Thursday, March 22, 2012

Bad science from the New York Times

I'm always on the lookout for bad science/bad math (and the terrible journalism that it produces), and this week I came across a real gem. This one was noteworthy because it came from the New York Times, the "paper of record" that's obviously not struggling with its business model at all. In an article entitled "For 2nd Year, a Sharp Drop in Law School Entrance Tests", author David Segal writes the following:
Legal diplomas are apparently losing luster. 
The organization behind the Law School Admission Test reported that the number of tests it administered this year dropped by more than 16 percent, the largest decline in more than a decade. 
The Law School Admission Council reported that the LSAT was given 129,925 times in the 2011-12 academic year. That was well off the 155,050 of the year before and far from the peak of 171,514 in the year before that. In all, the number of test takers has fallen by nearly 25 percent in the last two years. 
The decline reflects a spreading view that the legal market in the United States is in terrible shape and will have a hard time absorbing the roughly 45,000 students who are expected to graduate from law school in each of the next three years. And the problem may be deep and systemic.
Segal goes on to write a long and sometimes-rambling article about how law school may be entering a serious long-term downward correction, as students begin to shy away from high levels of debt and uncertain long-term income prospects.
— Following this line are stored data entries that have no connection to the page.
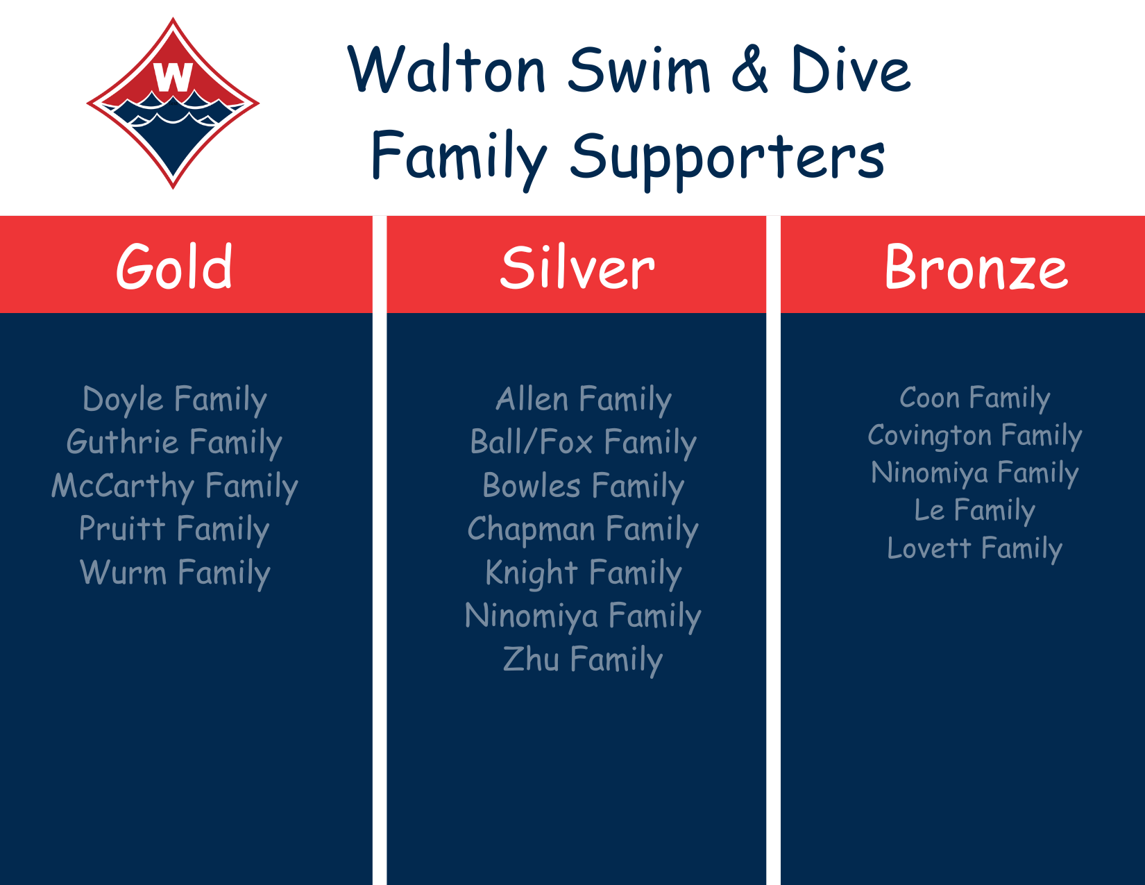 100% of all monies received by the Booster Club goes directly to the Walton Swim & Dive program to offset the continuing rising costs of CAC’s and MVAC’s pool rentals for practices and meets, costs associated with 2-3 meets hosted by Walton, to pay officials, purchase equipment, pay for coaching staff, meet participation fees and many other activities that benefit your athletes.
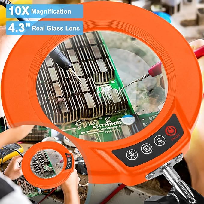 - 【10X Magnification & Real Glass Magnifier】Magnifying glass with light features a 4.3" real glass lens that provides a clear and distortion free view. The 10X magnifying glass lamp is especially suitable for crafts, reading, miniature painting, sewing, cross stitch, mini tasks, diamond painting, jewelry, hobbies, manicure, soldering, nails tech, beading, fly tying, needlework, puzzle, repair, drawing, book, needlepoint, knitting, etc. Our magnifier with light is designed to meet your needs.
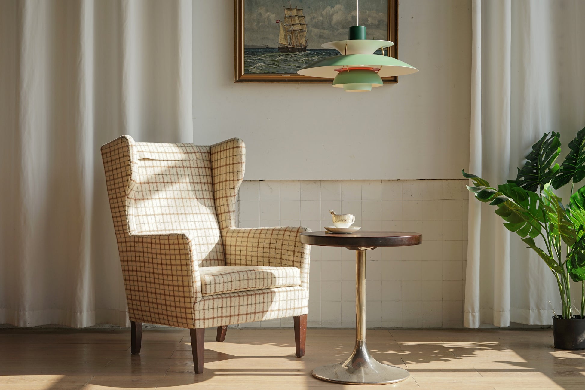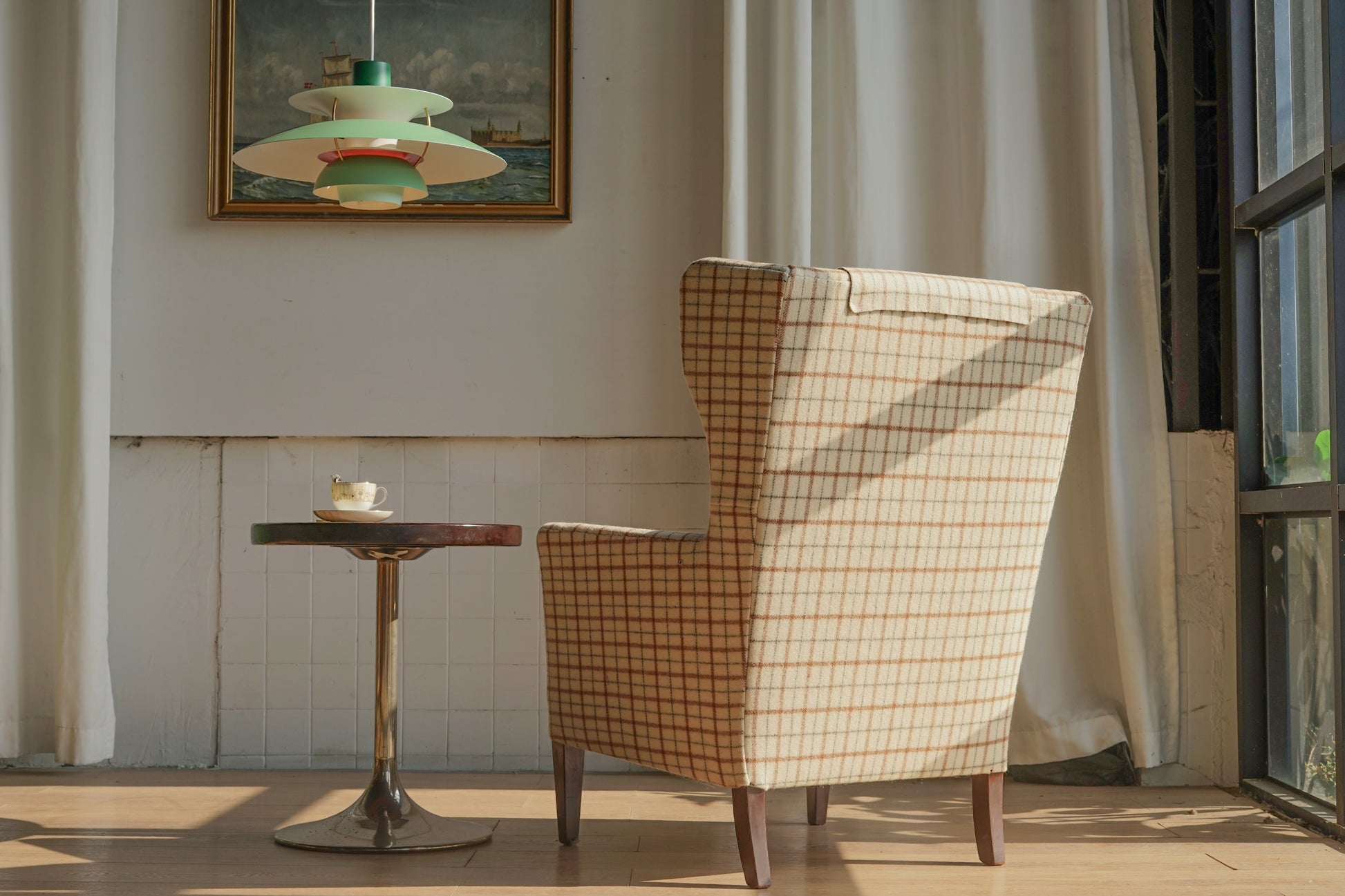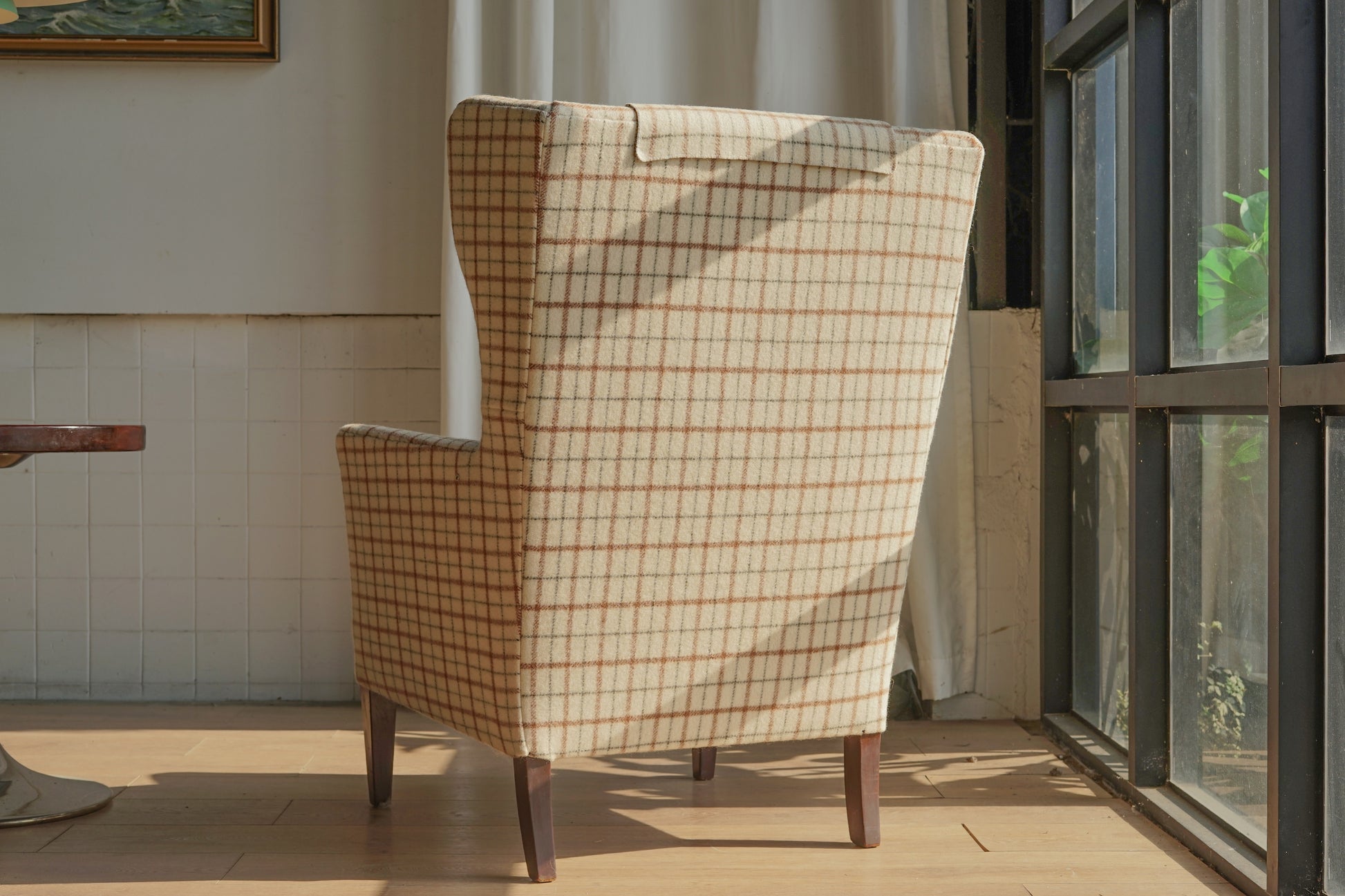 丹麥 格紋羊毛 高背翼背 休閒實木 沙發椅
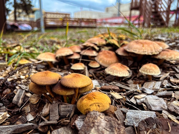 Неработающий каток в центре Курска весь зарос грибамиГрибы – это, скорее всего, ложные опята, растут небольшими группками на площадке, которая примыкает к катку. Землю там засыпали древесной щепой, вход закрыт для посетителей, вот и возникли почти идеальные условия для грибницы.
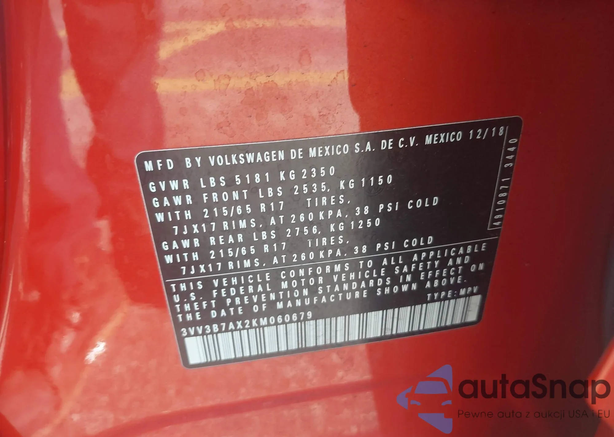 • VIN 3VV3B7AX2KM060679

For what it's worth, I happen to agree with some of the overall conclusions that Segal draws--student loan debt is reaching frighteningly unsustainable levels, and the positive "return on investment" that so many in my generation have taken on faith is no longer quite so clear. There's only one problem--the tipping point hasn't yet arrived (though it will), and the data that Segal presents to "support" his thesis in fact does nothing of the sort. Rather, this is just one more example of a journalistic outlet massaging the data to fit its argument, rather than the other way around.

The statistical crime that Segal has committed here is in his failure to provide enough context to give his data any real meaning. His statistics regarding the LSAT provide only the last three years of data--he tells you that the 2009-10 LSAT was a "peak" for total tests administered, but tells us nothing about the overall trend that led to that "peak". Luckily for us, the generous folks at LSAC make those statistics available for the public, so we can do a little bit of fact-checking on our friend Segal.

When we look at the overall data series (dating back to 1987-88), we see a pretty different story. Yes, tests taken are at their lowest level in three years, but the number is nowhere near the trough that we saw during the economic boom years of 1995 to 2000. Generally speaking, LSATs administered spike during recessions, then recede during recoveries, a trend that makes intuitive sense. Let's look at this graphically, using some more publicly available data (for this chart, I plotted the annual change in LSATs administered against the annual percent change in the unemployment rate--hence a change from 4.0% unemployment to 5.0% unemployment represents a 25% increase in unemployment):

Viewed another way (just using gross numbers rather than % change, and plotting on dual axes):

That's a pretty obvious strong relationship (for the math nerds among you, that's an r-squared of .486 on the first chart, .666 on the second), but Segal and the Times don't bother to show you that part of the picture. They have a story to tell, and dammit they're gonna make the statistics fit that story.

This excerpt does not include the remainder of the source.